Este texto era de facto, para ser focado na experiência com os jogos. Ao escrevê-lo, e ao relembrar-me dos momentos em que joguei esses mesmos jogos, apercebi-me que a magia desses momentos não esteve apenas nos títulos ou sistemas em questão. Esteve sim, nos mesmos períodos e na forma como os videojogos ajudaram a superá-los. Eles sempre foram uma paixão muito presente na minha vida, e tive a felicidade de ter por perto, quem entendesse essa mesma paixão. Não fui um miúdo que apenas gostava de jogos, como quem gosta de comer chocolates.

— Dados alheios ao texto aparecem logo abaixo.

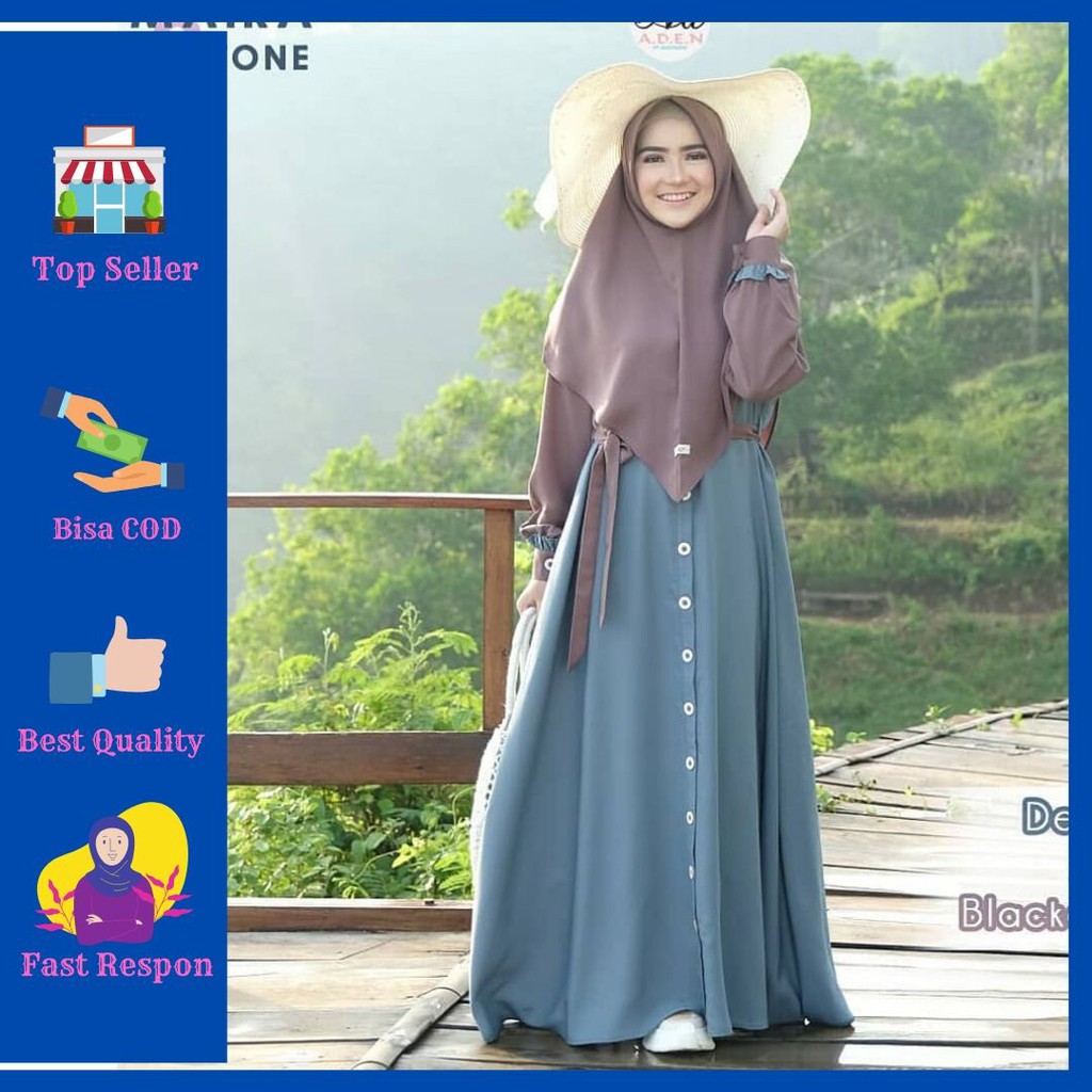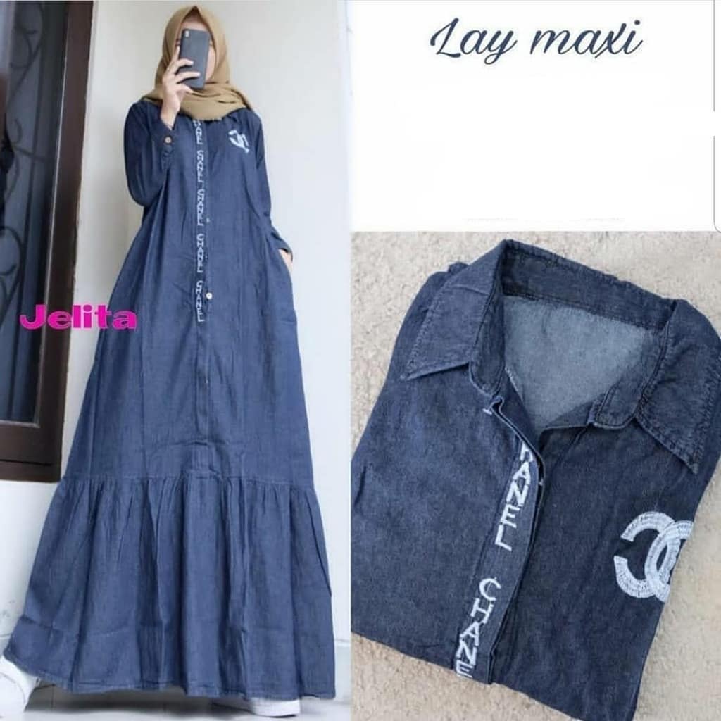 Gamis Dress Baju Maxy Jeans Denim Casual Trendy Santai Modern Wanita Cewek Muslimah Syari Hijab Shopee Indonesia
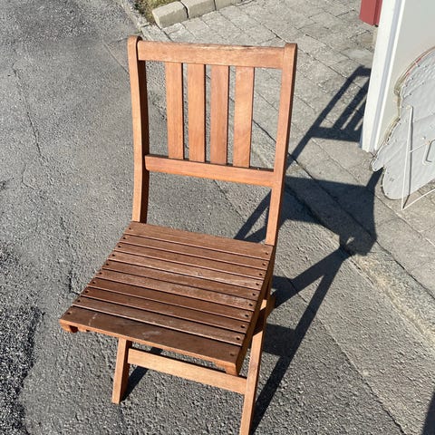 Hopfällbara trästolar i brunt trä. Stolarna har ribbad sits och ryggstöd med tre vertikala ribbor. Passar exempelvis i kök, hall, balkong eller uteplats där det finns behov av extra sittplatser som enkelt kan fällas ihop och ställas undan när de inte används.

Eles davam-me mais que mero entretenimento. Conseguia, através deles, aprender algo para o dia-a-dia. Fosse o Inglês, o raciocínio lógico, interpretação artística ou o que me pudessem ensinar. E, com isso, traziam-me a calma e o sentido de justiça que por vezes faltava ao caos da vida. Mais que uma companhia, foram muitas vezes uma terapia, e uma ajuda para aguentar a dureza que, para o bem ou para o mal, a vida madrasta por vezes nos traz. Espero que este testemunho sirva de partilha para ajudar a compreender o que é esta paixão pelos videojogos.